I read a book about swimming that says it’s all a matter of rolling your body from side to side, reaching forward with each stroke, and then holding that stretch for just a moment longer than feels normal. That, they say, is how one can glide through the water like an arrow.

So, that’s what I do. As I swim up and down, up and down my lane, I stretch, reach forward and pretend I look like Michael Phelps. Some imagination, huh?

One important key to sustaining this delusion, and the confidence and motivation it provides, is this: I try not to compare myself to the people swimming in the lanes beside me, especially if they are genuine, bona fide, seasoned lap swimmers—you know, gliders. If I don’t curb that urge, my competitive juices start flowing and pretty soon I’m out of synch and out of breath, and it all becomes quite miserable.

I hate it when I do that. It’s so much better for me to just roll, reach, and stretch my way down my own lane, at my own pace.
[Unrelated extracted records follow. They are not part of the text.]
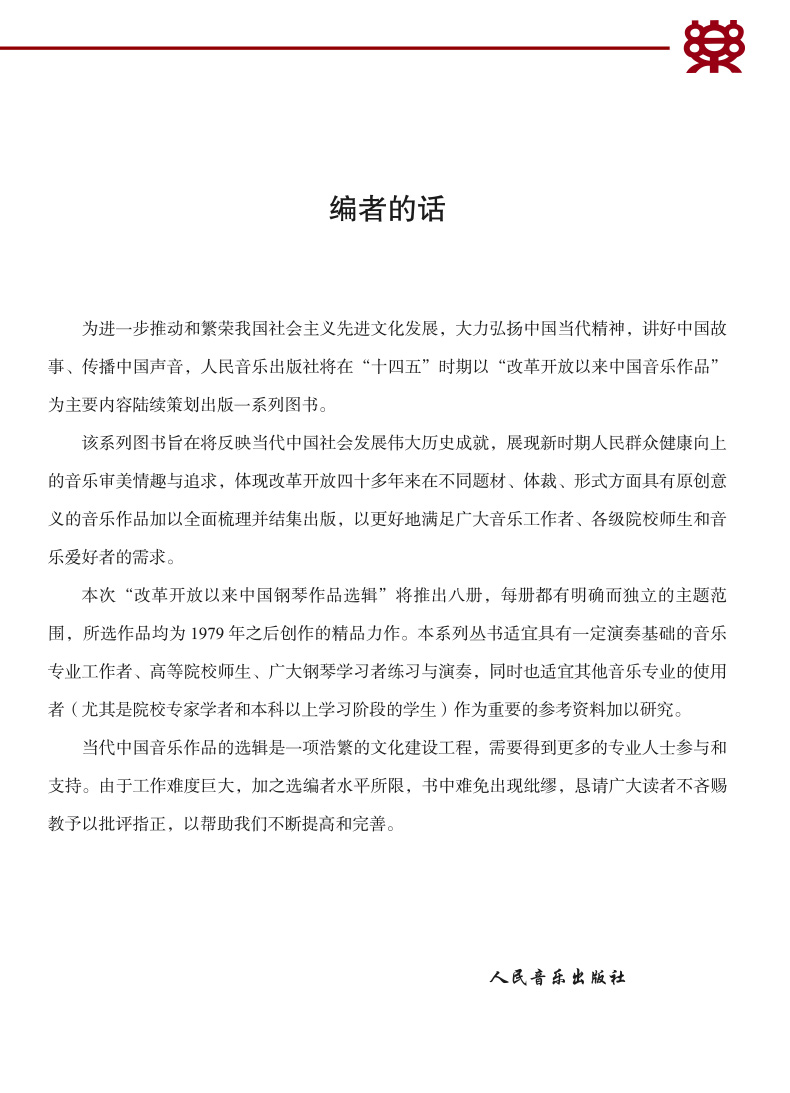 人民音乐出版社是我国最具规模与影响力的国家级音乐专业出版机构,在国内外具有重要学术地位。成立69年来,始终以“用音乐记录历史、用出版记录音乐”为企业使命,积累了丰富的音乐专业类图书资源。
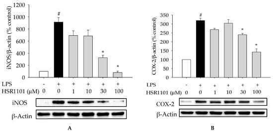 HSR1101 inhibited LPS-induced expression of inducible NO synthase (iNOS) and COX-2 in BV2 cells. BV2 cells were co-treated with 1 μg/mL LPS and a series of concentrations of HSR1101 for 24 h. Western blotting analyses were conducted using anti-iNOS (A) and anti-COX-2 (B) antibodies, as described in the Materials and methods section. β-Actin was used for normalizing iNOS and COX-2. Representative blots are displayed. Data are expressed as mean ± SEM of at least three independent experiments. # p < 0.05 and * p < 0.05 vs the vehicle-treated control and LPS-treated groups, respectively. LPS, lipopolysaccharide; iNOS, inducible nitric oxide synthase; COX-2, cyclooxygenase-2.
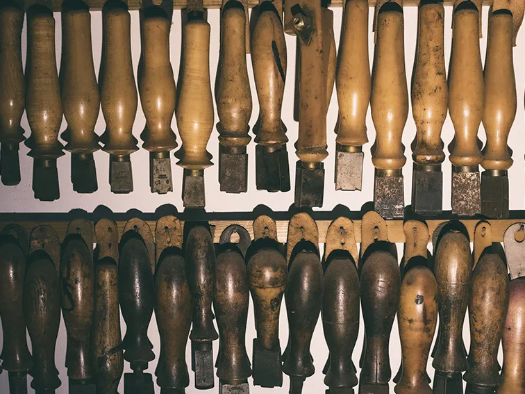 C'est ici, au cœur de cette atmosphère, que nous créons des souliers patiemment, sublimés par des patines sur mesure, pour les élégantes et les élégants qui d’un bon pas s’aventurent.
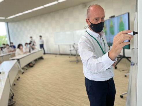 当日は事務局長による挨拶で幕を開け、スタッフによる学校紹介と、デニス・ケリー校長による歓迎のスピーチが続きました。その後、Q&Aセッションと個別相談会が行われました。プログラムや寮生活の詳細や特徴について個別にじっくりスタッフがお答えし、疑問や質問を解消いただきました。次に、ケースメソッドの体験授業が行われました。今回は、地理担当のDarron Gray先生が、"Montserrat, The Sleeping Dragon 1996 "と題して、カリブ山脈を舞台にしたケースを紹介しました。このケースでは、火山の大爆発を想定して、モンセラット島の最適な避難方法を参加者に問いかけました。体験授業の後は、スタッフの案内でスポーツ施設や学生寮・校舎の建設現場などのキャンパスツアーが行われました。また、参加者の皆様には、本学の制服のサンプルを初めてご覧いただきました。
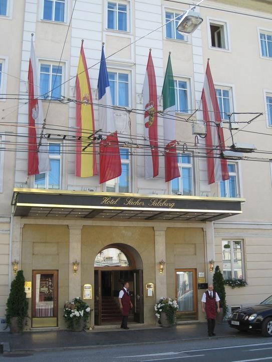 I tried “Sacher Torte” in various places, strangely finding the best one at the Continental Hotel in Bankok. But always I wanted to go to Vienna to try the original. So that in no small part is why this tour extends East at least to Vienna! It was Dodie today who stumbled on the fact that there is a Sacher Hotel in Salzburg. Could I have been mistaken about Vienna? The internet cleared it up – they have hotels in both places, with Vienna being the original. However, after stumbling on the fact of the hotel here, we quickly found that it is a five star hotel, and a huge structure on the river, downtown. To make stumbling even easier, it has Sacher Hotel Salzburg emblazoned on it in neon!
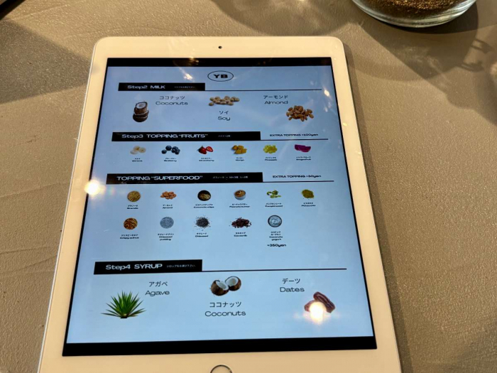 ベースの次は、ミルク、フルーツ、スーパーフード、シロップと好みのトッピングをチョイスしてカスタマイズしていきます。組み合わせるのが難しいという人は、筆者同様オカモトさんオススメでオーダーしてみてください。
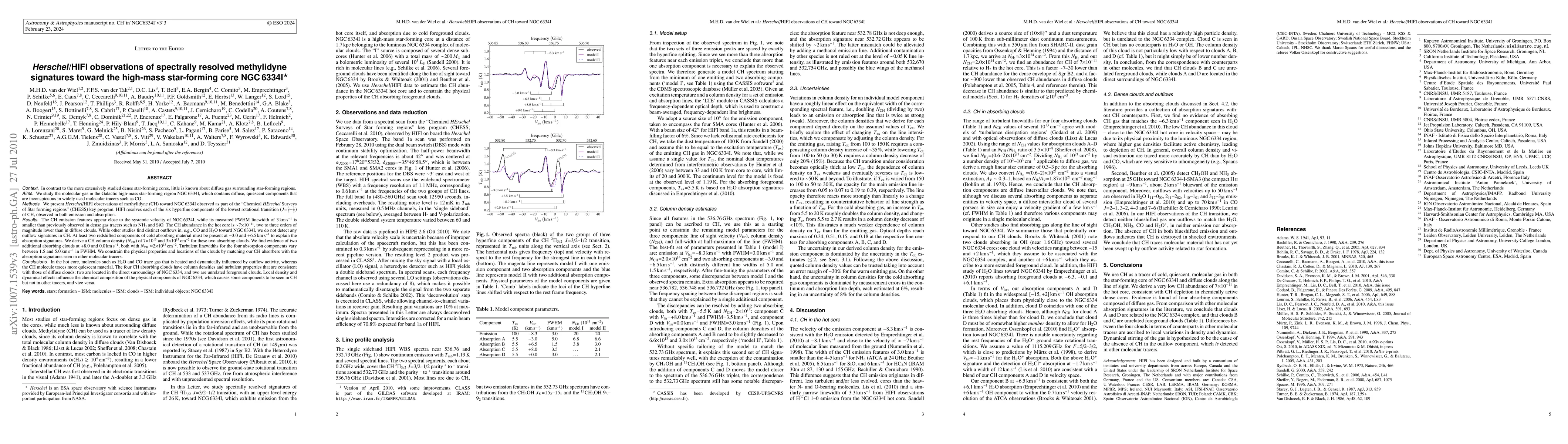 In contrast to extensively studied dense star-forming cores, little is known about diffuse gas surrounding star-forming regions. We study molecular gas in the high-mass star-forming region NGC6334I, which contains diffuse, quiescent components that are inconspicuous in widely used molecular tracers such as CO. We present Herschel/HIFI observations of CH toward NGC6334I observed as part of the CHESS key program. HIFI resolves the hyperfine components of its J=3/2-1/2 transition, observed in both emission and absorption. The CH emission appears close to the systemic velocity of NGC6334I, while its measured linewidth of 3 km/s is smaller than previously observed in dense gas tracers such as NH3 and SiO. The CH abundance in the hot core is 7 10^-11, two to three orders of magnitude lower than in diffuse clouds. While other studies find distinct outflows in, e.g., CO and H2O toward NGC6334I, we do not detect outflow signatures in CH. To explain the absorption signatures, at least two absorbing components are needed at -3.0 and +6.5 km/s with N(CH)=7 10^13 and 3 10^13 cm^-2. Two additional absorbing clouds are found at +8.0 and 0.0 km/s, both with N(CH)=2 10^13 cm^-2. Turbulent linewidths for the four absorption components vary between 1.5 and 5.0 km/s in FWHM. We constrain physical properties of our CH clouds by matching our CH absorbers with other absorption signatures. In the hot core, molecules such as H2O and CO trace gas that is heated and dynamically influenced by outflow activity, whereas CH traces more quiescent material. The four CH absorbers have column densities and turbulent properties consistent with diffuse clouds: two are located near NGC6334, and two are unrelated foreground clouds. Local density and dynamical effects influence the chemical composition of physical components of NGC6334, causing some components to be seen in CH but not in other tracers, and vice versa.
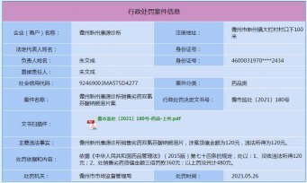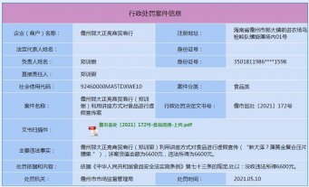 [曝光台] 海南省市场监督管理局行政处罚案件信息 日期:2021-05-21
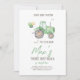 Este convite de aniversário apresenta um trator verde giro com balões coloridos à deriva, e o nome exibido em letras grandes e alegres. É tudo sobre diversão e entusiasmo para a próxima festa de aniversário com tema de trator verde
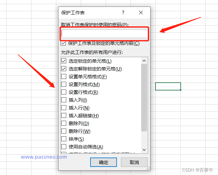 打开“保护工作表”对话框后,勾选“保护工作表及锁定的单元格内容”,然后在密码栏输入想要设置的密码,再点击“确定”,就设置好了。
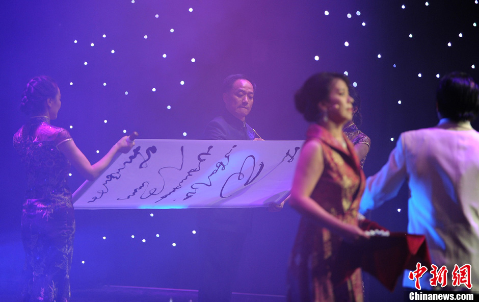 当地时间1月18日晚,一台融合中国文化和西方风情的“北美2014欢乐春节”好莱坞中国新年晚会在洛杉矶比佛利山希尔顿酒店举行,数百名各族裔民众欢聚一堂,庆祝中国传统新年的到来。图为书法家王汉光现场悬书《水调歌头》。中新社发 毛建军 摄
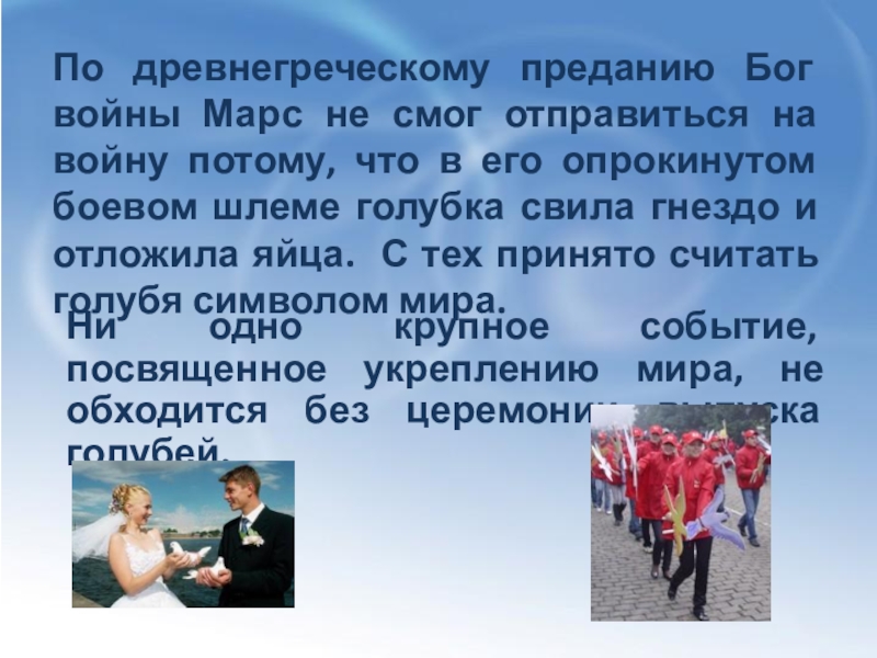 Ни одно крупное событие, посвященное укреплению мира, не обходится без церемонии выпуска голубей.
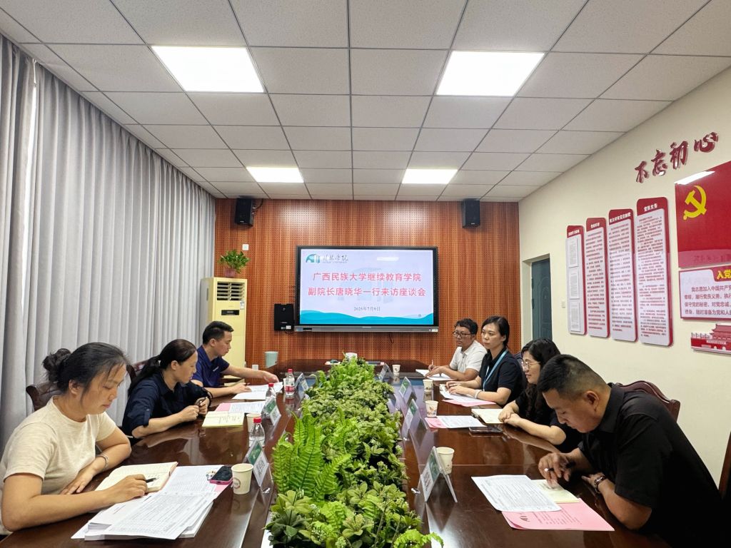 为深化协同推进高等学历继续教育相关工作,7月9日下午,广西民族大学继续教育学院副院长唐晓华一行莅临我校检查校外教学点工作。广西民族大学继续教育学院副院长唐晓华、继续教育学院相关负责人,我校继续教育学院负责人及全体教师参加座谈会。会议由我校继续教育学院负责人主持。

Quite a life lesson there.

God has given each of us gifts, abilities, and a rhythm that is uniquely our own. Some of us are gliders, some of us are chuggers.

Both are okay, as long as we are moving forward, growing, and faithfully using our gifts to do whatever God has called us to do.

I can’t be you and you can’t be me, but mercy, how we do try sometimes.

I look over there at you in your lane, looking so sleek, lanky, competent and fast, and I feel compelled to try to do things the way you do them. And it darn near kills me.

The truth? The world needs us both; the church needs us both.

“Now there are varieties of gifts, but the same Spirit. And there are varieties of ministries, and the same Lord. There are varieties of effects, but the same God who works all things in all persons. But to each one is given the manifestation of the Spirit for the common good.” (1 Corinthians 12:4-7)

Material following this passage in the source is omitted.